On this post I will finish examining the System.Linq methods in the static class Enumerable by examining two extension methods Count() and DefaultIfEmpty(), and one static method Empty().
The Empty() static method
How many times have you had to return an empty collection from a method (either due to an error condition, or no items exist, etc.) and created an empty array or list?
Let’s look at a simple POCO to hold transfers between two bank accounts:
public class Transfer {
public string FromAccount { get; set; }
public string ToAccount { get; set; }
public double Amount { get; set; }
}Now let’s say we have a data access object that is supposed to grab the outstanding transfers and return them. However, if the transfer service is down for maintenance, we just want to return an empty sequence of transfers.
We could of course return null, but returning the empty sequence is generally preferable than returning null. So we’ll return an empty sequence in the form of a list (or array would do as well):
public class TransferDao {
public IEnumerable<Transfer> GetPendingTransfers() {
if (!_txfrService.IsInMaintenanceMode()) {
// create a list of transfers and return it...
}
// otherwise, since we're in maintenance mode, return an empty collection:
return new List<Transfer>(0);
}
}The problem with this is that we are essentially wasting a memory allocation for something that will never change. If all we intend to do is return a read-only empty sequence of a given type, we can use LINQ’s empty sequence singleton factory to represent it and not waste a memory allocation every time:
public class TransferDao {
public IEnumerable<Transfer> GetPendingTransfers() {
if (!_txfrService.IsInMaintenanceMode()) {
// create a list of transfers and return it...
}
// otherwise, since we're in maintenance mode, return an empty collection:
return Enumerable.Empty < Transfer;
}
}Note that we’re calling the Empty<T>() static method off of the Enumerable class, this is the same class where all the extension methods for IEnumerable<T> are defined, but Empty is actually just a simple static method which returns a singleton empty sequence for type T.
The DefaultIfEmpty() extension method
So we’ve seen that the static Empty<T>() method can be used to generate singleton, read-only empty sequences of type T. But what happens if you want to return a sequence containing a single default item if a sequence is empty?
Why would you ever want to do this, you say? Well, for example what if you’re analyzing a list of test scores, but want to return a single scores of zero if the student has no scores so far:
var scores = new[] { 73, 77, 89, 90, 92, 77 };
// If scores is non-empty, returns that sequence, if scores is empty, returns
// a sequence with a single item which is default(int) in this case (0).

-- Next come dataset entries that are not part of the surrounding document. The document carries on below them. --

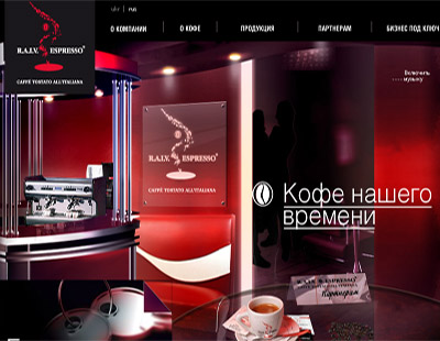 Стилистика  сайта -http://www.raivespresso.com/- выполнена в духе элитного кофейного клуба, интерьер которого завлекает насыщенностью главных корпоративных цветов компании  – красного и черного и виртуальным ароматом свежесваренного кофе.
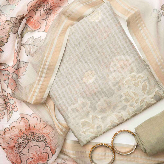 Made from Cotton, this suit with Banarasi Woven Zari & Floral Print combines elegance with ease for Informal Occasion. Its Color Variations and tailoring options make it a wardrobe staple. Dry Wash / Dry Clean advised.
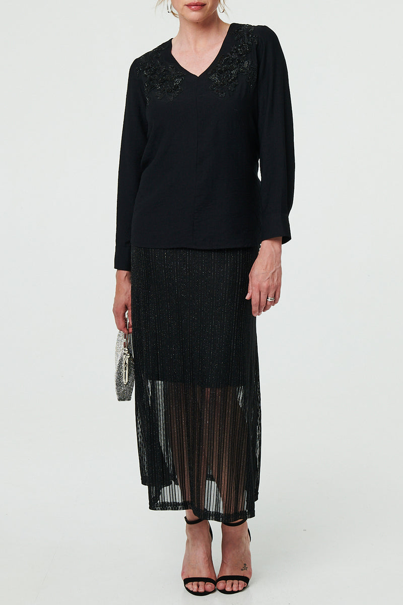 Floral Embroidered V-Neck Jumper with a v-neck and a hip length hem.
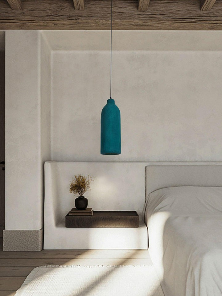 Elevate your interior with this modern pendant light, featuring a durable polystyrene construction and a deep green finish that evolves with age.
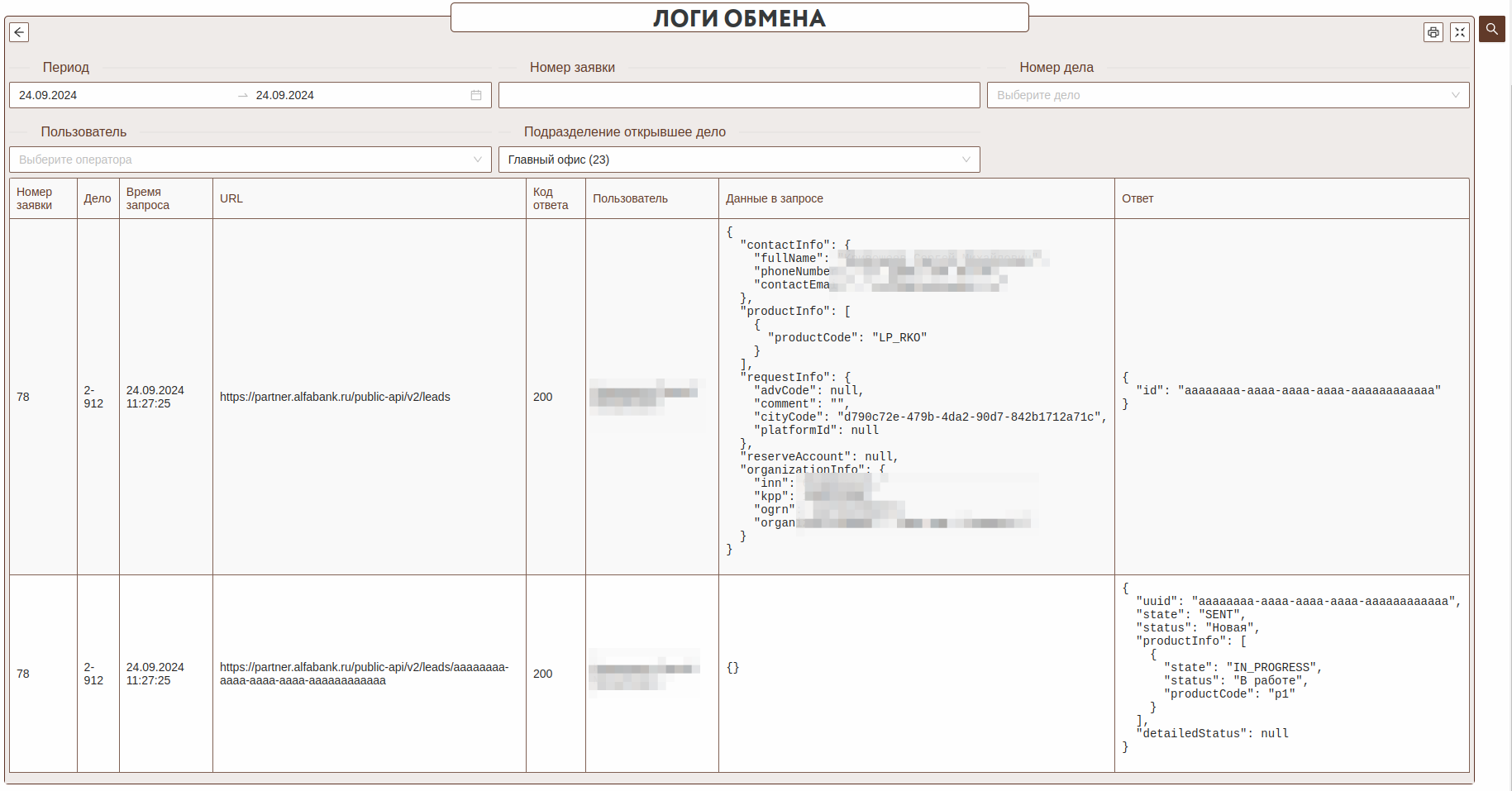 Форма с логами обмена позволяет смотреть какие запросы были отправлены на API банка с данными запроса и ответами от сервера.

foreach (var score in scores.DefaultIfEmpty()) {
Console.WriteLine("The score is: " + score);
}Now, there is also a second form of DefaultIfEmpty() that lets you specify the default to use if the sequence is empty instead of relying on default(T) where T is the type held by the IEnumerable<T> sequence. For example, what if we want an average of all the scores, but want to return an average of 100 if no scores have been entered yet?
// will average the sequence if it's not empty, or if it is empty, will
// return 100 - or more precisely in this case, the average of a sequence
// containing just 100
var averageSoFar = scores.DefaultIfEmpty(100).Average();Note that if you don’t specify the default value, it uses the default(T), which is the default value for type T – null for reference types, zero for numeric, etc.

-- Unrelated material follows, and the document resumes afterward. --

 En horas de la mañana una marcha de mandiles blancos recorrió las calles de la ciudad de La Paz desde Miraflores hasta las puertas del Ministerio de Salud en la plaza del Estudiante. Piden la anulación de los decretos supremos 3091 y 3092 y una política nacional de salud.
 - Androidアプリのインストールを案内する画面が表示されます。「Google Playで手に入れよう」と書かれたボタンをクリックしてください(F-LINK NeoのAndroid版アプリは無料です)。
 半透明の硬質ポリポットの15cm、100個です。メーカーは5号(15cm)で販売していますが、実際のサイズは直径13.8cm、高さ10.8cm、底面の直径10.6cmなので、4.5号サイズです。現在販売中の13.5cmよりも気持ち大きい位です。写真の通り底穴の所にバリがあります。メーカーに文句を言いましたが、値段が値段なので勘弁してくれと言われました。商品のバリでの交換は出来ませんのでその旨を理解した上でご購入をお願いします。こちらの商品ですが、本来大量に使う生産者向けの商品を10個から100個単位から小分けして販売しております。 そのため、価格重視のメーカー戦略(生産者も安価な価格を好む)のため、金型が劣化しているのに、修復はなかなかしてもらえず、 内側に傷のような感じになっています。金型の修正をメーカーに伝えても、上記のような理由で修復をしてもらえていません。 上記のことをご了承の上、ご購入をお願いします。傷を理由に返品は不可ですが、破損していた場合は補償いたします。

The Count() extension method
This may seem like a no-brainer, right? The Count() method returns the number of the items in the sequence, correct? Yes, for the most part, but it also has some nice features worth mentioning.
First of all, calling Count() with no arguments (aside from the implicit source in the extension method syntax) returns the count of the sequence as you’d expect. This may seem somewhat redundant for types like List<T> which maintains a Count already, or arrays that contain a Length property:
var scoreArray = new[] { 73, 77, 89, 90, 92, 77 };
var scoreList = new List<int> { 73, 77, 89, 90, 92, 77 };
// get count of array using Length property and the Count() extension method:
Console.WriteLine(scoreArray.Length);
Console.WriteLine(scoreArray.Count());
// get count of list using Count property and the Count() extension method:
Console.WriteLine(scoreList.Count);
Console.WriteLine(scoreList.Count());Note that (if we are using the System.Linq namespace) the list has both the Count property defined in the List<T> class, and the Count() extension method defined on IEnumerable<T>. This may seem redundant, but keep in mind that not all IEnumerable<T> implementations have a count defined, so the only way to find out the count of those sequences is to count them. In addition, this ensures that for any IEnumerable<T> there is a consistent method that can be called to get the count of the sequence.
Now, you may think that this is a big red flag, and that for List and arrays the Count() extension method would be an O(n) – linear – operation if it had to count all the items in the list, whereas Count and Length are O(1) – constant-time – operations. Fear not, however, the Count() extension method first checks to see if the type implementing IEnumerable<T> also implements ICollection<T> or ICollection (non-generic) as well.
Why is this important? Because any collection that implements ICollection or ICollection<T> must specify a Count property. Since List<T>, arrays, and many other collections implement ICollection<T>, this means the Count() extension method can cast them and call Count directly and avoid having to count the items.
Thus, calling Count() extension method on a list is slightly less efficient than calling Count property because it has to check the type and cast, but it’s still a constant-time – O(1) – operation. And, the nice thing is this means you can call Count() extension method on any IEnumerable<T> sequence for consistency and know that it will make the right choice for efficiency.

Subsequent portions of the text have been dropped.